There are several observations: (1) Even with the strict ensemble approach, we can still get some hard trials. This indicates that some trials are truly hard. (2) The SVM approach produces much more hard trials. These trials are not as hard as the ones obtained from the ensemble approach, but are still confusing from the perspective of SVM. (3) The results of the intersection and union imply that the trials derived from the ensemble approach largely form a subset of those derived from the SVM approach.

4. Performance on hard trials
(1) Results on ensemble-derived hard trials

(2) Results on SVM-derived hard trials

It can be observed that compared to the results on the full trials, the results on the two sets of hard trials are significantly reduced, in terms of both EER and minDCF. This indicates existing speaker verification techniques are far from satisfactory on hard trials. In addition, compared to the ensemble-derived hard trials, the performance on the SVM-derived hard trials looks much better. This is expected as the SVM approach treats all the trials close to the decision boundary as hard trials, not only the trials on the wrong side of the boundary.

5. Properties of hard trials
(1) Machine perception: what hard trials look like. We first compute the Kendall's τ distance between each pair of systems, and then plot all the systems in a 2-D picture using the classical (non-metric) multi-dimensional scaling (MDS).
MDS visualization of the relations of 8 baseline systems on easy, normal and hard trials.

It can be observed that as the trials get harder, the distance between different systems becomes larger.
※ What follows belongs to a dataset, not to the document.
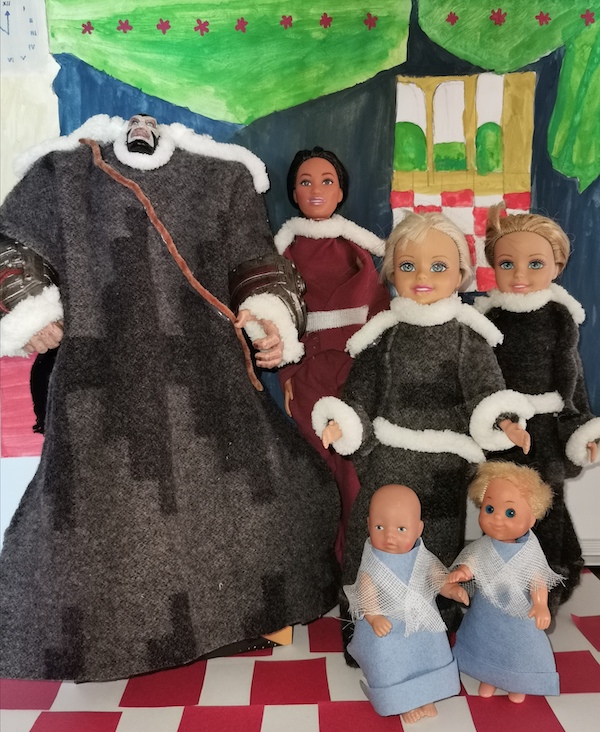 28.05.20 – Eine besondere Zusatzaufgabe hatten die Schüler der Klasse 5 in ihrem Wochenplan: Die beiden großformatigen Familienporträts aus dem Rittersaal sollten mit eigenen Mitteln nachgestellt und dann fotografiert werden. Marten hat sich der freiwilligen Bonusaufgabe gestellt. Sein gelungenes Werk ist hier unter dem Beitrag zu sehen. Er schreibt zu seinem Bild: „Ich habe sehr lange gebraucht. Bis gestern Mitternacht. Ich habe erst alles für die Kleider zusammengesucht. Papas alten schwarzen Schal und sein rotes Tshirt zerschnitten. Die Haare von den Barbies durfte ich nicht schneiden. Habe sie nur mit Gummibändern zusammen gemacht. Den Fussboden habe ich geklebt. Ein grosses Blatt mit vielen roten Vierecken. Der Hintergrund ist getuscht. Die Babys haben Kleider aus dicken blauen Stoffservietten. Erst hat Mama mir geholfen zu nähen. Ich habe dann alles geklebt mit Heisskleber.“

This observation suggests that for hard trials, the opinions of different systems are more diverse compared to those on easier trials, indicating that they are confused when processing hard trials.

(2) Human perception: what hard trials sound like. The trials were assigned to the listeners who were asked to recognize whether the pair of utterances in each trial is from the same speaker or not. There were 200 Chinese listeners participating in the test, and each listener completed 100 trials.
Behavior of Human vs. Machine on easy/normal/hard trials.
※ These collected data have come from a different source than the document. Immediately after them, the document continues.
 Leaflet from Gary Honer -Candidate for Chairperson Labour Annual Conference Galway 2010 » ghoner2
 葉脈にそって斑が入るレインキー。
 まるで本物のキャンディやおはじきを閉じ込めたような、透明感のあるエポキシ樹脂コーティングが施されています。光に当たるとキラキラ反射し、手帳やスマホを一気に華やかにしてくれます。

Firstly, it can be observed that human listeners and machines behave consistently on different speaker recognition tasks: whenever machines feel hard, human listeners feel hard as well. This is an interesting observation and offers a strong evidence that some trials are truly hard. Besides, we can observe that machines generally outperform human listeners, on all the three types of trials.

(3) Hard trials and label errors: if some hard trials are hard because they were incorrectly labelled. To address the concern, we perform human check on hard trials focusing on CN-Celeb.E which contains complex multi-genre trials. In particular, we selected the 1,296 target hard trials in the Ensemble SVM set, and then conducted a listening check to verify whether the enroll and test utterances were from the same speaker. Finally, we checked that there were 52 label errors in the 1,296 trials. A cleaned CN-Celeb.E trial set was constructed by removing these mislabelled trials.
Results with System 4 on trials with/without cleaned up.
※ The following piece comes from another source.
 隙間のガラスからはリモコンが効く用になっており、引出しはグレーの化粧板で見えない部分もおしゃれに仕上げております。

It can be observed that performance is slightly improved with the label errors removed. From one perspective, it confirms the existence of label errors but the impact is not predominant, and most of the hard trials are truly hard. From another perspective, this experiment demonstrated that the hard trials retrieval approach could be used as a good way of data quality inspection, in particular to identify potential label errors.